A taste of the paper | Knowledge graph completion and multi-hop reasoning in large-scale knowledge graphs

4f914156eaf72c2cf90d9290176f8520.png

Notes sorting: Liu Jianyu, master of Southeast University, research direction is knowledge map rule learning and reasoning

Link: https://dl.acm.org/doi/abs/10.1145/3534678.3539405

motivation

Knowledge graphs (KGs) capture knowledge in the form of head-relation-tail triples and are an important component in many artificial intelligence systems. There are two important reasoning tasks on KG: (1) single-hop knowledge graph completion, which involves predicting individual links in KG; (2) multi-hop reasoning, whose goal is to predict which KG entities satisfy a given logical query. Embedding-based methods address both tasks by first computing embeddings for each entity and relation, and then using them to form predictions. However, existing scalable KG embedding frameworks only support single-hop knowledge graph completion, which cannot be applied to more challenging multi-hop reasoning tasks.

There are two major challenges in embedding-based multi-hop inference for KG: (1) Algorithmically, given a huge KG (with hundreds of millions of entities), training by examples is no longer feasible. (2) In terms of system, the current single-hop large-scale KG embedding framework is based on graph partitioning, but multi-hop reasoning needs to traverse multiple relations in the graph, which usually spans multiple partitions, thus causing difficulties in reasoning.

This paper proposes Scalable MultihOp REasoning (SMORE) to implement single-hop and multi-hop reasoning on large-scale knowledge graphs, generate positive and negative samples online by instantiating KG, and propose a two-way rejection sampling method to effectively query to obtain high-quality negative samples.
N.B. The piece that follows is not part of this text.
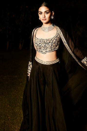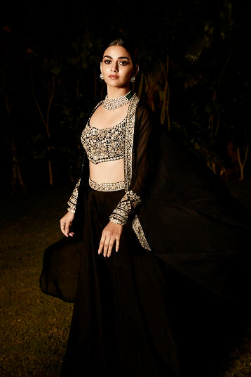 | The NEW Look An evolution of Matsya. Tarnished Silver Embroidery in Vintage Zardozi. Aztec & Flora inspired artworks. The Old & The New, in just an all new Matsya look. A winged closed cuff cape created in Plant based organza georgette with a flowy sharara pant carrying the Matsya belt. The blouse is in a signature Matsya Roman V down shape. |

For Challenge 2, design an asynchronous scheduler to maximize the throughput of GPU computing through overlapping sampling, asynchronous embedding read/write, neural network feedforward and optimizer update, and accelerate inference on large-scale KG.

contribute

The main contributions of this paper are:

(1) A framework called SMORE is proposed, which is the first general framework to support single-hop and multi-hop reasoning in knowledge graphs.

(2) A novel bidirectional rejection sampling method is proposed, which achieves a square root reduction in the complexity of online training data generation.

(3) A distributed training, asynchronous update mechanism is designed to avoid heavy CPU/GPU memory read/write for pipeline processing of each stage in each stochastic gradient update.

method

1.  Training data sampling

Aiming at the problem that it is impossible to train all instances of large-scale knowledge graphs to obtain embedded representations, this paper proposes dynamic sampling and instantiated query to obtain training instances for comparative learning of multi-hop reasoning.

To generate training examples with a set of positive and negative entities, a query for a given knowledge graph is first instantiated from a set of query logic structures (see Figure 1). The root of the instantiated query represents a known positive (answer) entity, and then reverse-directed sampling uses depth-first search (DFS) on the logical structure of the query from the root (answer) to the leaves (anchor entities). During DFS, each node in the query structure corresponds to an entity on the knowledge graph, and the edges correspond to the relations of previously associated entities. After instantiating (node/edge ground) the query structure, positive samples are obtained.

76e192ed8b6eddabd4579bb01cc21557.png

Figure 1 Different query logic structures and optimal node cuts (shaded nodes) used for bidirectional rejection sampling

For the acquisition of negative samples, this paper uses two-way rejection sampling. Inspired by bidirectional search, Node cut is first obtained in the query calculation plan, that is, the node subset that cuts all paths between each leaf node and the root node. Then perform a two-way search: traverse from leaf (anchor) to Node cut, and cache the entities obtained during the traversal - forward caching. Negative entities are then sampled, traversed from root to Node cut, and verified to be true negative entities by checking the overlap of cached entities and traversed sets—reverse verification.

2.  Training strategy

SMORE combines the use of CPU and GPU, where the dense matrix computation is deployed on the GPU and the sampling operation is on the CPU.

For large KGs with more than millions of entities, the embedding representation cannot be stored in the GPU, and SMORE puts the embedding matrix on shared CPU memory, while placing other parameters, such as neural logic operators, in each individual GPU. The distributed training process is as follows:

(1) Collect a small batch of training samples from the sampler .

(2) Load related entity embeddings from CPU to GPU.

(3) Compute the gradient locally and execute the gradient θ. Update the local copy θ.

(4) Asynchronously update the shared θ with θ.

where θ is the embedding matrix and θ is a copy of the other parameters.

In order to avoid heavy CPU/GPU memory read/write, this paper proposes an asynchronous mechanism for pipeline processing of each stage in each stochastic gradient update, including four meta-threads:

(1) Multithreaded sampler: Each worker node maintains a sampler , which can access the shared KG. The sampler contains a thread pool that samples queries in parallel and fetches corresponding positive/negative answers.

(2) Sparse embedded read/write: For the embedded matrix θ, create a separate background thread and a CUDA stream for embedded read and write. When loading an embedding of some entity to the GPU, a background thread first loads it into a pinned memory region, and then the CUDA asynchronous stream will perform a pinned memory to GPU memory copy. This read operation is non-blocking and is only synchronous when requested by a CUDA operator in the main CUDA stream. Write operations are similar but in the opposite direction.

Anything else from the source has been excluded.